■ Work item
Beneath this line are the data; copy exactly the part of them that opens with the line containing "6月14、15、16日下午3" and closes with the line containing "Exposure Bracketing sci-fi", and only that part.

■ Data to examine
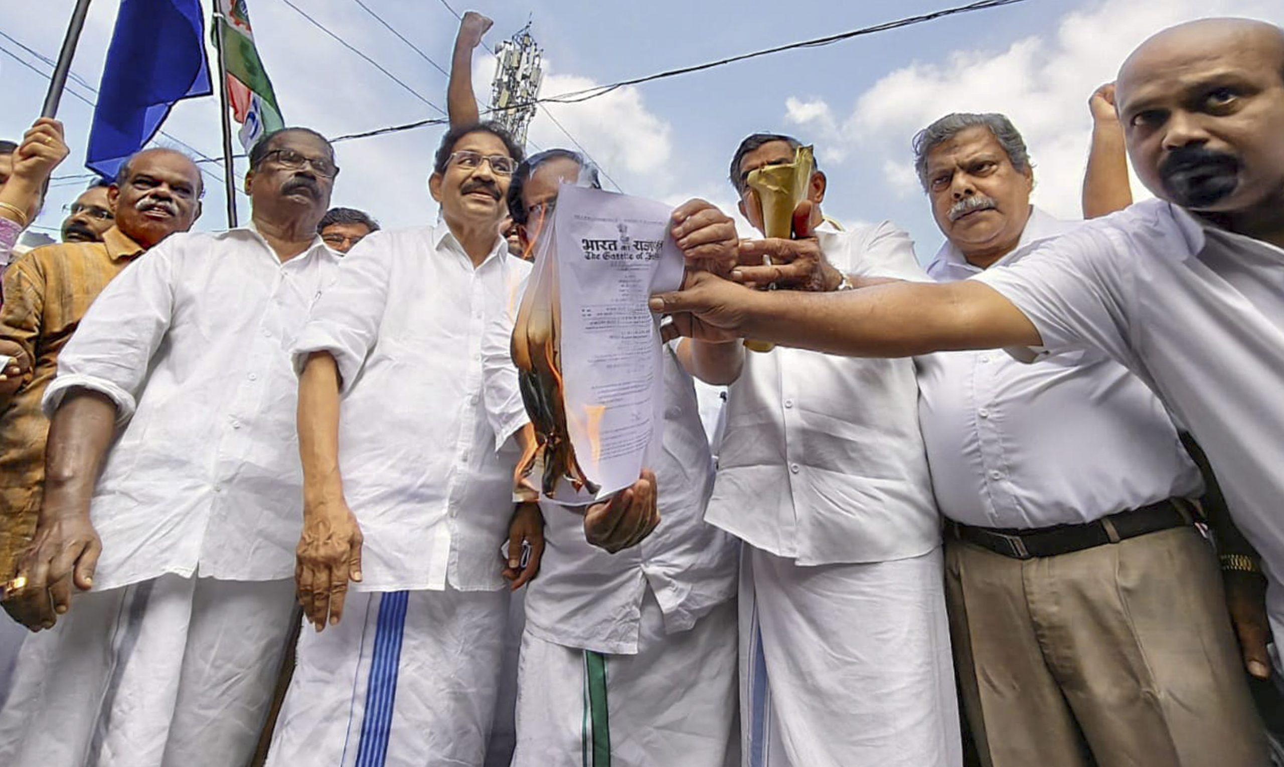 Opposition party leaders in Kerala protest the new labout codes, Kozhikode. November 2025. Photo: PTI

---

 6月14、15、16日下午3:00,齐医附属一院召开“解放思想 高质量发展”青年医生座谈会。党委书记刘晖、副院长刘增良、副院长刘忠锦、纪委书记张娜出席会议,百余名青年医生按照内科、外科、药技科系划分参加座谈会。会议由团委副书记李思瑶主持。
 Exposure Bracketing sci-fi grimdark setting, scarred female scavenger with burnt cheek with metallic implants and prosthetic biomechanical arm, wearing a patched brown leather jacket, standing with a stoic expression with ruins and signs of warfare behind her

■ Written response
 6月14、15、16日下午3:00,齐医附属一院召开“解放思想 高质量发展”青年医生座谈会。党委书记刘晖、副院长刘增良、副院长刘忠锦、纪委书记张娜出席会议,百余名青年医生按照内科、外科、药技科系划分参加座谈会。会议由团委副书记李思瑶主持。
 Exposure Bracketing sci-fi grimdark setting, scarred female scavenger with burnt cheek with metallic implants and prosthetic biomechanical arm, wearing a patched brown leather jacket, standing with a stoic expression with ruins and signs of warfare behind her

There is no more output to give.